Fifth Sunday of Lent 2012 B
By Rev. Joe McCloskey, SJ
But this is the covenant that I will make with the house of Israel after those days, says the LORD. I will place my law within them and write it upon their hearts; I will be their God, and they shall be my people. No longer will they have need to teach their friends and relatives how to know the LORD. All, from least to greatest, shall know me, says the LORD, for I will forgive their evildoing and remember their sin no more. Jeremiah 31:33-34
Son though he was, he learned obedience from what he suffered; and when he was made perfect, he became the source of eternal salvation for all who obey him. Hebrews 5:8-9
"The hour has come for the Son of Man to be glorified. Amen, amen, I say to you, unless a grain of wheat falls to the ground and dies, it remains just a grain of wheat; but if it dies, it produces much fruit. Whoever loves his life loses it, and whoever hates his life in this world will preserve it for eternal life. Whoever serves me must follow me, and where I am, there also will my servant be.

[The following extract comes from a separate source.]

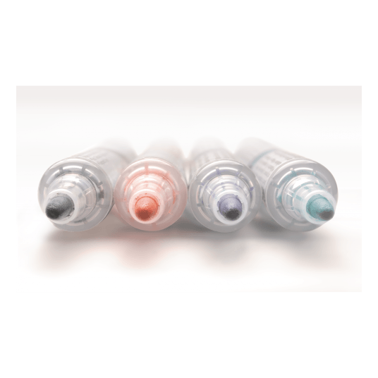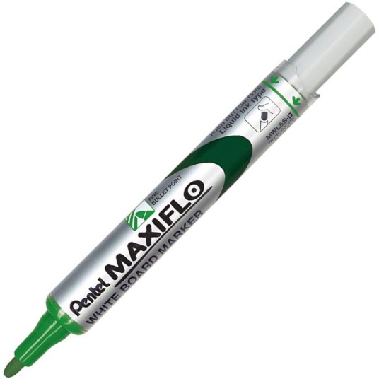 Marker do białych i ceramicznych tablic. Płynny tusz dozowany w razie konieczności nawilżenia końcówki za pomocą tłoczka (zamiast tradycyjnego sączka). Marker pisze wyrazistą linią aż do ostatniej kropli tuszu. Kilkakrotnie dłuższa linii pisania niż w standardowych markerach z sączkiem - 1200 m. Nie zawiera substancji trujących ksylenu ani toluenu. Nadaje się na papier, plastik, karton, tablice suchościeralne.

The Father will honor whoever serves me." John 12:23-26
Piety
God offers to make us his people and to be our God. Piety is our acceptance of the covenant of the Lord. Piety is how our heart understands God as our Lord. Piety in its externals reflects how we accept the Lord as our God. Piety contains the rituals of how we return to the Lord with our whole heart. Piety shows itself in our desires and yearnings to see the Lord. The intensity with which we read or listen to the Word of the Lord reveals piety to our world. The Prophet Jeremiah speaks of how the Lord took the Hebrews by the hand to lead them forth from the land of Egypt. Our piety is how we take the hand of the Lord in our daily lives and allow the Lord to lead us as our master. Our piety is seen in the recognition of the law of the Lord that is written on our hearts. Our piety is how we love the Lord. Piety is how we give thanks for the forgiveness of the Lord. It is the confidence of our hearts that God remembers our sin no more. Our piety is the clean heart that God has created in us.
Study
Even as Christ learned obedience through what he suffered and offered prayers and supplications with loud cries and tears to his Father, he becomes the source of eternal salvation for us who obey him. Our study reveals to us the ongoing presence of God in our daily lives. We learn how to be like the grain of wheat that falls to the earth. Even as the grain dies it produces much fruit. We study what we can do for the Lord and discover how we can best serve him. What we are willing to put up with for the sake of our union with Christ becomes how we are lifted up to draw others to the love of the Lord. We preach the love of God for our world with the peace and the gentleness of our lives in the crosses we bear for the sake of a better world in the name of the Lord. We study how to preach by our lives that our example might become the best sermon we can give. We lose our lives in the world that we might preserve it for eternal life. As servants of the Lord we carry the crosses of our daily lives aware that what we put up with for the sake of Christ will be our fame in heaven.
Action
The difficulties of our daily life take on a new meaning when we die with Christ. The joy of the cross is the union our crosses give us with Christ. As we fill up what is wanting to the suffering of his body, the Church, we discover that we are the presence of Christ in our world. The saint is a transparency of Christ. Our little acts of mortification during Lent shout out to the heaven how much we love Christ in the very missing of what we have given up for the sake of Christ. What we offer up to the Lord as our Lenten sacrifices become the love of our lives as we offer what is important to ourselves that we go without for the sake of our world.